Uncle picks up a blue pencil. For a long time he just holds it, staring at the paper. Instead of drawing, he starts yarnin! He asks me about my old people and we yarn for ages about all the turmoil I experience over my identity and belonging, he tells me his story too. Slowly, as we're talking, uncle starts to make blue scribbles on his page.


And then he says:

"The stories of our Ancestors have been a lot of suffering for a while now and eventually people get called back home...every broken story starts again somewhere."


And he dotted the pencil loudly in the middle of the page of blue scribbles. The sound seemed to underline his words, telling me that there was something important in them that I needed to think about. Uncle left his scribbles with me after that and I did think about them for a long time...until suddenly, the scribbles of an Elder who said he didn't know how to draw started revealing patterns and shapes.


So I picked a spot and started to draw the story hidden in his scribbles until the face of my Ancestors, my grandmother wrapped in possum skins, looked back at me from within the blue tangles.



I've been learning and reconnecting with my culture slowly for 10 years. I've made mistakes, trusted the wrong people, and had to unlearn and relearn. I don't know my family connections completely, my family weren't a mission family...our story was different. I do know my apical Ancestors names, I dream their faces and hear echoes of their voices.


I try to be of service to Elders and community as much as I can and keep my mouth shut, eyes and ears open...because I don't really know how to 'draw' yet. I don't yet feel that I have earned the right to speak culturally.


Yet people with a fraction of my years of learning and connection are speaking in our communities - sometimes too loudly. Sadly, this has included my own relatives who have chosen not to engage or identify culturally taking it upon themselves to define who our Ancestors were without having earned that right or any having a cultural compass from which to make those assumptions. It breaks my heart, because what they say of our apical Ancestor comes from colonial interpretations. It's not what I have slowly come to know about her life and the lives of many Aboriginal women of that time according to Aboriginal people themselves.


The cost of doing things proper way - slowly, asking and listening to your mob, building relationships and understanding connected stories - is that there's more wrong way stories about my Ancestors in the public domain that do a great disservice to their descendants who are still living culturally in very tough, highly political and traumatised Indigenous circumstances.

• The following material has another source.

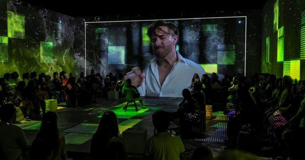 La versión inmersiva que desde el viernes está en el mismo espacio que cuando se estrenó en septiembre, pero con dos los intérpretes de Broadway y hablada en inglés, cuenta con el mismo dispositivo en 270º, con proyecciones en tres de las paredes y en el piso, y los espectadores sentados en puffs sin respaldo, algunos contra las paredes, otros más cercanos.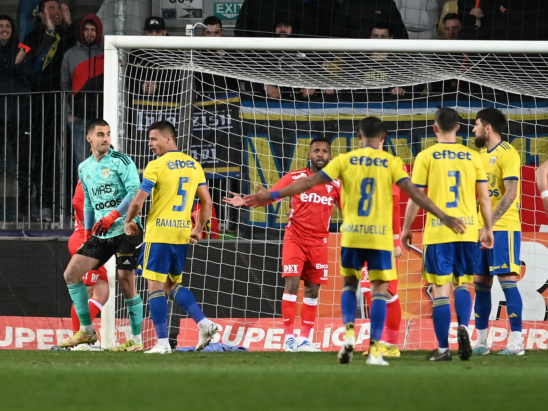 min 90+5 Ocazie mare Petrolul: Iacob reuşeşte să respingă incredibil mingea trimisă spre poartă cu o lovitură de cap în urma unui corner al galben-albaştrilor

But every broken story starts again somewhere. Quietly, gently, slowly...messy like a blue pencil scribble that has a way of coming together until the story isn't quite as broken as it was before. My cousins and I were the pencil dotting loudly amongst the scribbles. The reconnection, the true meaning emerging from her story and sacrifices. The truth about who we are, who and where we come from, and our right to speak with (not for) our Ancestors voices will eventually be revealed to those who are listening proper.